Pug wrote:
Bertster7 wrote:
You've missed the most important point.
Addressing the corruption within the system whereby American healthcare providers are paying US based suppliers as much as 7-8x what European healthcare providers pay the same US based suppliers for medical equipment and drugs.
In the US the wholesale price (to US based healthcare providers) of a particular pacemaker is $35000, European providers pay $5000 for the same product from the same supplier.

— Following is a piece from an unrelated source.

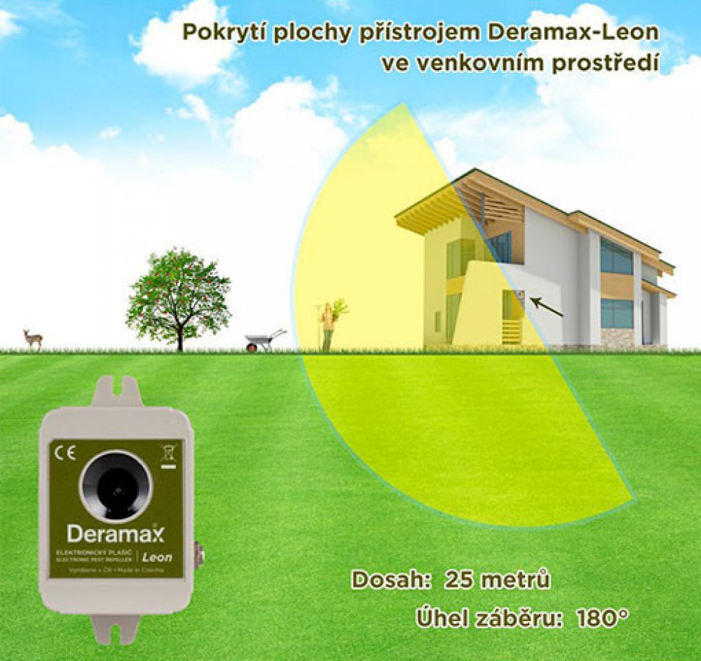Deramax-Leon je určený pro ochranu vnitřních i venkovních prostor. Odpuzovač divokou zvěř nezabíjí, ani nezraňuje, pouze vymezuje prostor ve kterém by se neměla pohybovat.

This is clearly the biggest problem with the system. Endemic and systemic corruption leading to inflated prices whilst a lot of the middle men become extremely rich off inflating the prices of essential services.
The price difference might be due to demand (yeah, cheap shot). Since this healthcare issue has come up I've heard about stories about having to come to the States for an operation or second opinion because of doctor's reluctance to commit to surgery.
Price difference due to demand?
We have these things, they're called global markets.....
The value due to demand will be the same (or at least similar) across the whole (1st) world.
If the savings are due to bulk purchasing discounts, then it just shows the huge fiscal advantages of having huge public systems which can make such immense savings on some of the biggest healthcare costs. Either way, the inflated cost of medical equipment and drugs in the US is a huge factor which is rarely mentioned.
Pug wrote:
Not altogether common situation, but I've heard at least a dozen stories - and it's Canada and Europe they are talking about.
So yeah, we're not ready to embrace it...but the elephant turns slowly, no?
Have you not realised yet that many of these stories are completely baseless nonsense? A bit like the much ridiculed article about how Stephen Hawking would've been denied treatment under the NHS
Some are true though (like the fact that women giving birth don't get driven to hospital in ambulances), but not the radical sounding ones (at least none that I've seen).